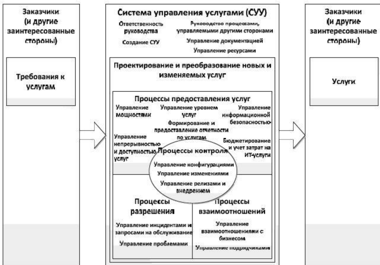
Рисунок 2 - Система управления услугами
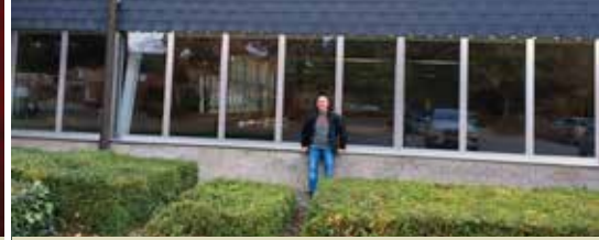
Dan toch een nieuw leven voor Nijlens zwembad? (p.4)
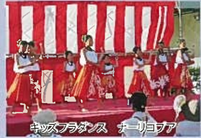
キッズフラダンス ナーリコア
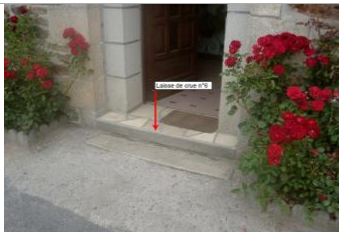
Relevé de la laisse de crue par BCEOM en 2003
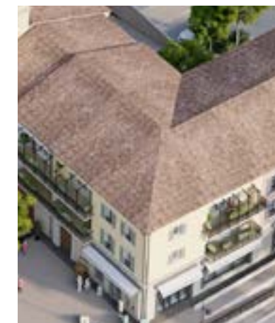
Toitures en tuiles de coloris panachés

Jusqu'au XVIII e siècle, avant la généralisation des vitrages, des panneaux en bois protégeaient les ouvertures des habitations des intrusions, de la pluie et du vent. Typiques de la région, les volets à la « niçoise » sont idéalement adaptés au climat : ils préservent du rayonnement solaire direct, tout en favorisant une ventilation naturelle et un apport de lumière en intérieur.
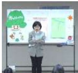
競技委員長の挨拶
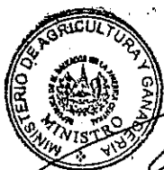
Lic. Orestes Fredesman Ortez Andrade Ministro de Agricultura y Ganadería

En fe de lo anterior, suscribimos este Convenio en dos originales de igual contenido y valor, debiendo quedar un ejemplar en poder de cada una de las partes que lo suscriben, en la ciudad de Santa Tecla, departamento de La Libertad, a los ocho días del mes de diciembre del año dos mil dieciséis.

——————

> [WHAT THIS TASK INVOLVES]
Retype verbatim only the lines beginning with the line that contains "Relevé de la laisse de crue par BCEOM en 2003" and ending with the last line of the listing above; pictures are to be excluded.

> [FINISHED TASK]
Relevé de la laisse de crue par BCEOM en 2003
Toitures en tuiles de coloris panachés

Jusqu'au XVIII e siècle, avant la généralisation des vitrages, des panneaux en bois protégeaient les ouvertures des habitations des intrusions, de la pluie et du vent. Typiques de la région, les volets à la « niçoise » sont idéalement adaptés au climat : ils préservent du rayonnement solaire direct, tout en favorisant une ventilation naturelle et un apport de lumière en intérieur.
競技委員長の挨拶
Lic. Orestes Fredesman Ortez Andrade Ministro de Agricultura y Ganadería

En fe de lo anterior, suscribimos este Convenio en dos originales de igual contenido y valor, debiendo quedar un ejemplar en poder de cada una de las partes que lo suscriben, en la ciudad de Santa Tecla, departamento de La Libertad, a los ocho días del mes de diciembre del año dos mil dieciséis.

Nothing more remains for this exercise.